Turkey reacted furiously last week when the Senate approved the law which threatens with jail anyone in France who denies that the 1915 massacre of Armenians by Ottoman forces amounted to genocide.

President Nicolas Sarkozy's office last Tuesday brushed off angry threats of retaliation by Turkey and vowed to enforce the law within a two weeks.

But the left-wing group of senators said today they had gathered 76 signatures from senators opposed to the law, more than the minimum 60 required to ask the council to examine the law's constitutionality.

The council is obliged to deliver its judgement within a month, but this can be reduced to eight days if the government deems the matter urgent.
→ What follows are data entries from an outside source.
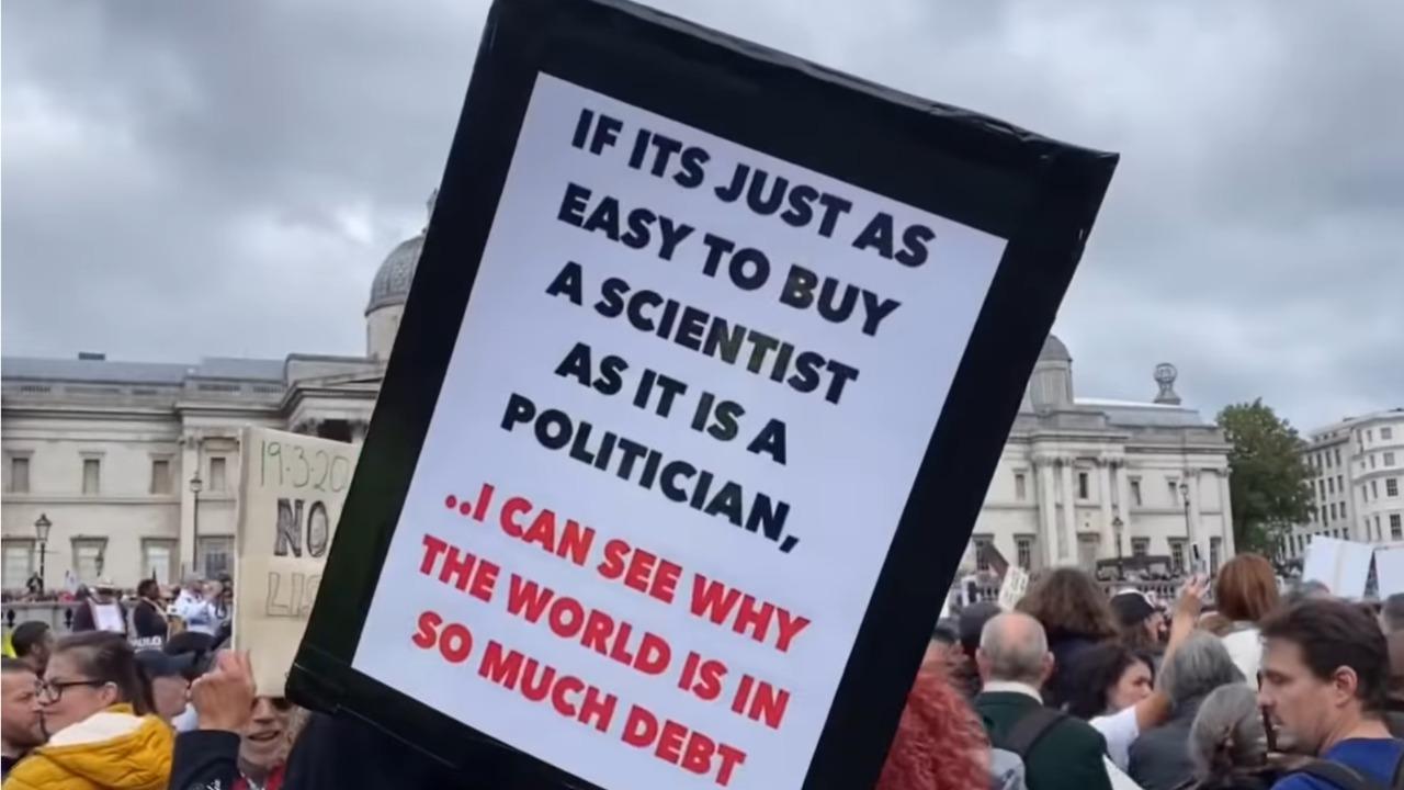 Sonia Poulton vo svojom príspevku uvádza, že ľudia prišli na protest, aby bolo počuť ich hlasy. Nechcú, aby boli očkovania proti Covid-19 povinné, a zároveň nechcú nosiť rúška.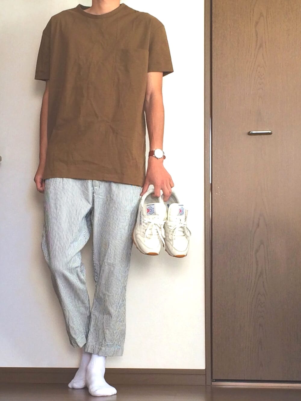 このパンツホンマに最強。。😌 オープンカラーシャツ買うかボーダーT買うか悩み中です、、!! いいね、save、フォローよかったらお願いします〜!(^ ^)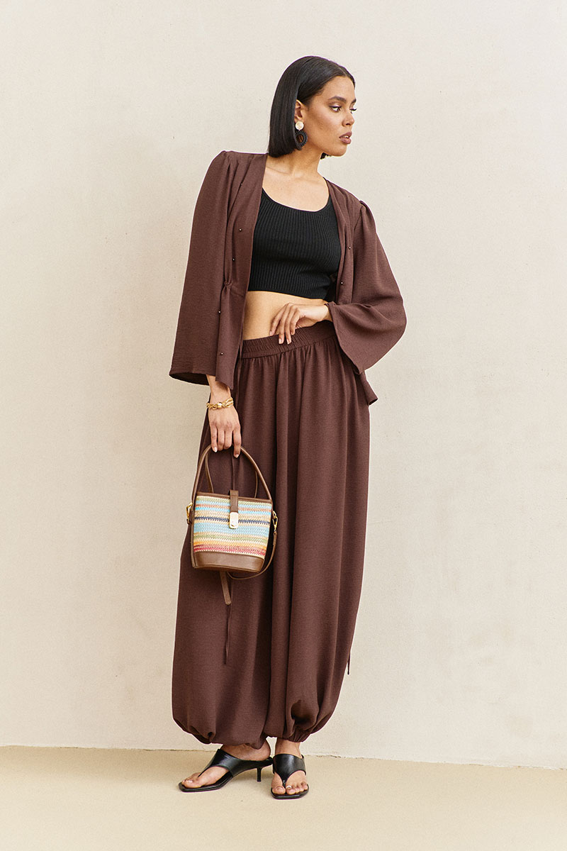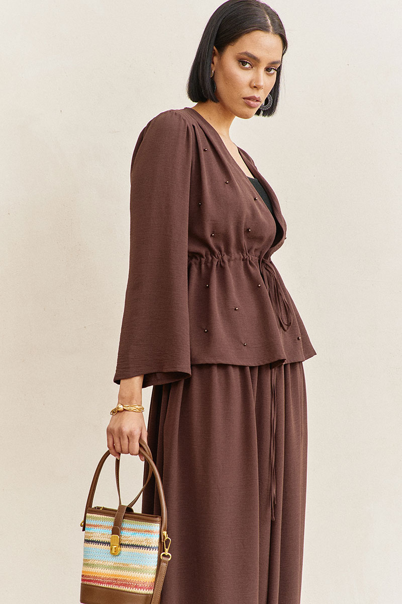 Блузка полуприталенного силуэта с кулисой по талии. Характеристики: выполнена из костюмно-плательной ткани в коричневом цвете, по талии кулиса, по переду бусины.

The Turkish prime minister, Recep Tayyip Erdogan, has denounced the law as "tantamount to discrimination and racism".

On Tuesday he hailed the French senators' move, speaking on television.

"This move is in keeping with what we would expect from France. I hope the constitutional council will do what is necessary," he said.

Mr Erdogan has warned that his government would punish Paris with unspecified retaliatory measures if Mr Sarkozy, whose right-wing UMP party initiated the bill, signed it into law.

France has already officially recognised the killings as a genocide, but the new law would go further by punishing anyone who denies this with up to a year in jail and a fine of €45,000 (Dh218,000).

Armenians say up to 1.5 million were killed in 1915/1916 by the forces of Turkey's former Ottoman Empire.

Turkey disputes the figure, arguing that 500,000 died, and denies this was genocide, ascribing the toll to fighting and starvation during the First World War and accusing the Armenians of siding with Russian invaders.

Armenia hailed the passage of the bill through the French Senate, with President Serzh Sarkisian writing in a letter to Sarkozy: "France has reaffirmed its greatness and power, its devotion to universal human values."